_Required work_:
For this exercise, return only the lines in the records below from the one holding "مهيرة عيد العزيز" through the one holding "Primer: Bruto knjigovodstvena", including both, exactly as they appear and without pictures.

Data for review Block Start

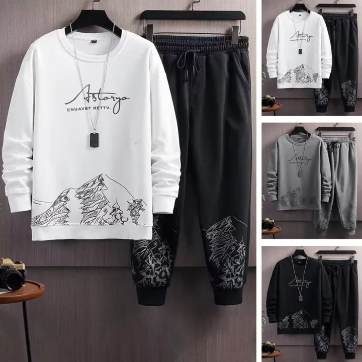 Men’s Premium 2PCS Track Suit – Mountain Print | Gym & Casual Wear
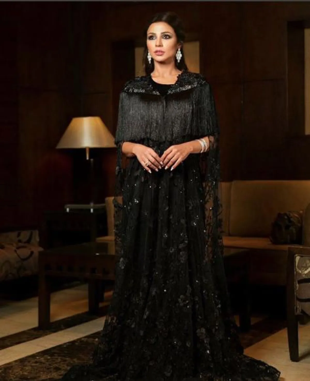 مهيرة عيد العزيز اختارت الأسود على اطلالة شرقية في جلابية ذات تصميم فاخر، وبدت غاية في الأناقة والنعومة.
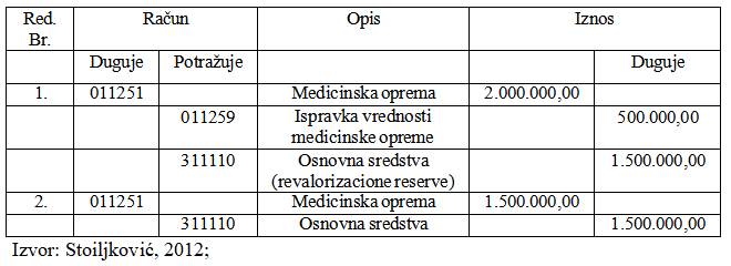 Primer: Bruto knjigovodstvena vrednost elektromagnetne rezonance pre revalorizacije je 10.000,00 dinara, ispravka vrednosti 2.500.000,00 dinara, a sadašnja vrednost 7.500.000,00 dinara.
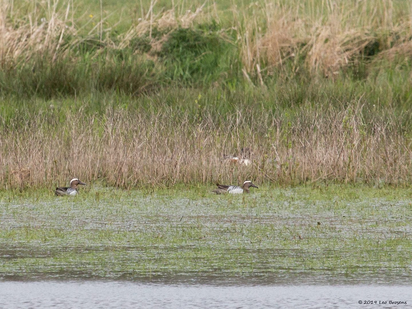 In De Matjens zie je altijd wel een groepje wintertalingen. In de trektijd tref je daar ook wel eens een zomertaling bij aan. Zo ook gisteren toen ik er twee zag foerageren. De andere foto is eerder in Zeeland gemaakt. En weer hetzelfde liedje. Zo schaars als hij tegenwoordig is, zo algemeen was hij tot rond 1960. Daarna begon echter een steile achteruitgang die tot decimering van de broedpopulatie leidde en waarbij grote delen van het land hun Zomertalingen kwijtraakten. In agrarisch cultuurland viel de afname samen met intensiever grondgebruik: waterstandverlaging, frequent maaien, hogere beweidingsdruk enzovoort. Veel natuurgebieden werden ongeschikt door verdroging. Daar bovenop zorgden droogteperiodes in het overwinteringsgebied, de Sahel, voor massale sterfte. Inmiddels staat de soort op de Rode Lijst van bedreigde vogelsoorten.
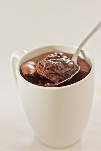 6 Evenly divide the chocolate batter among the coffee mugs using a small scoop or spoon. Place the mugs on a baking pan and place in the oven.
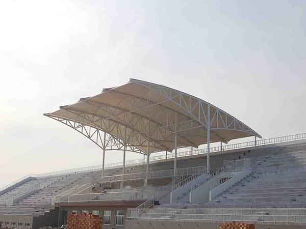 張拉膜看臺主要用于各類地方體育場主席臺雨棚,各類學校體育場看臺雨棚遮蓋,我公司是國內(nèi)較早從事大懸挑張拉膜結(jié)構(gòu)看臺設(shè)計施工的專業(yè)廠家,下面介紹一下我們在蘇州市周邊縣市完工的一些張拉膜看臺設(shè)計施工案例,我公司先后在蘇州周邊承接了蘇州大學文正學院張拉膜看臺雨棚、蘇州大學應用技術(shù)學院張拉膜看臺罩棚、蘇州幼兒師范高等專科學校張拉膜看臺遮陽棚等設(shè)計施工項目,簡介如下:
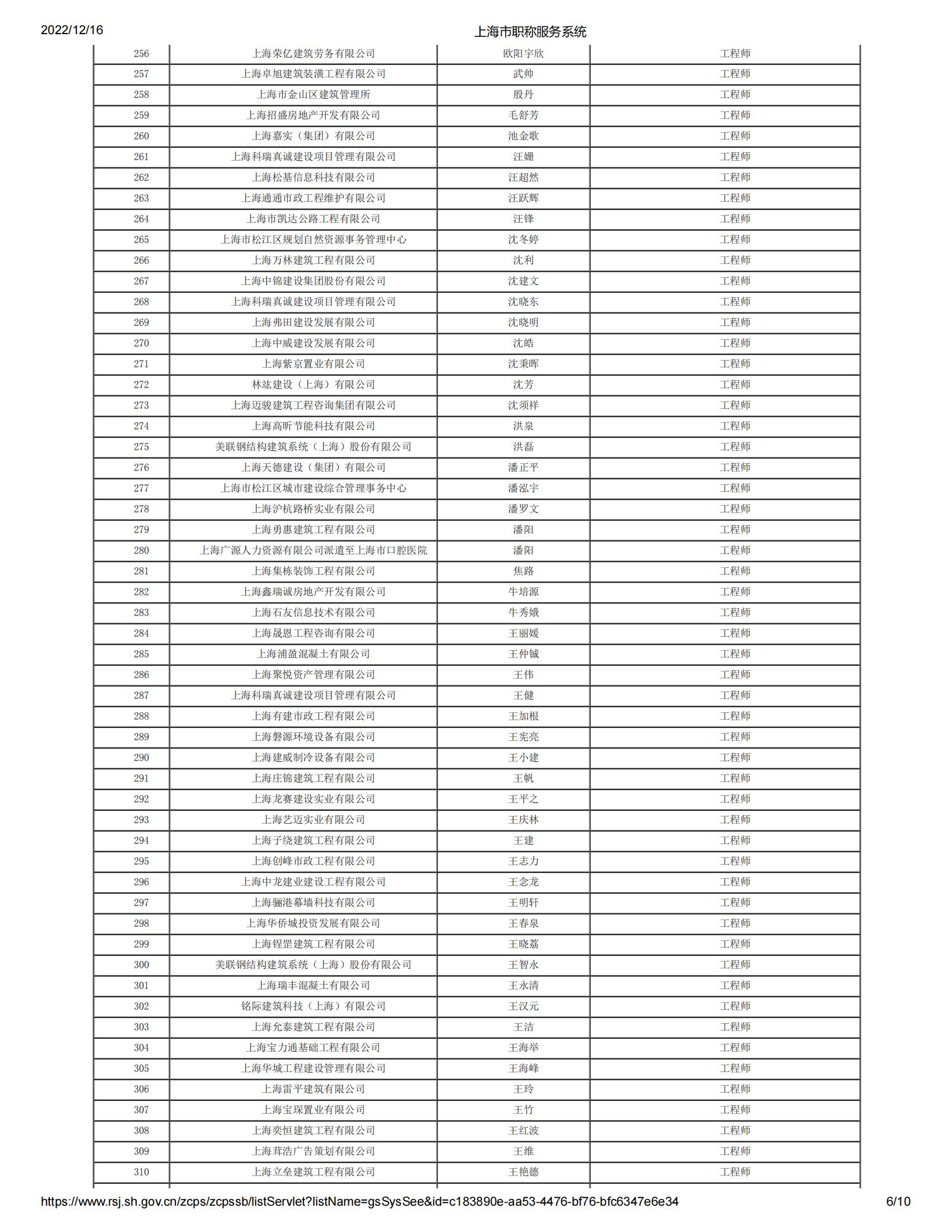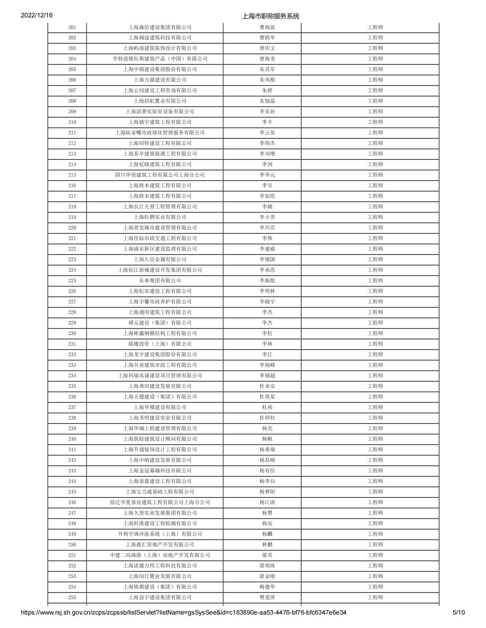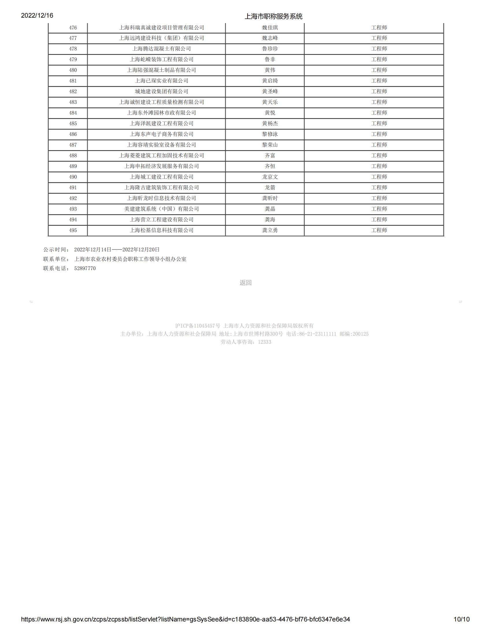 2022年度上海市工程系列郊區建筑工程中級專業技術職務任職資格評審委員會評審通過人員名單公示

Data for review Block End

_Exercise output_:
 مهيرة عيد العزيز اختارت الأسود على اطلالة شرقية في جلابية ذات تصميم فاخر، وبدت غاية في الأناقة والنعومة.
 Primer: Bruto knjigovodstvena vrednost elektromagnetne rezonance pre revalorizacije je 10.000,00 dinara, ispravka vrednosti 2.500.000,00 dinara, a sadašnja vrednost 7.500.000,00 dinara.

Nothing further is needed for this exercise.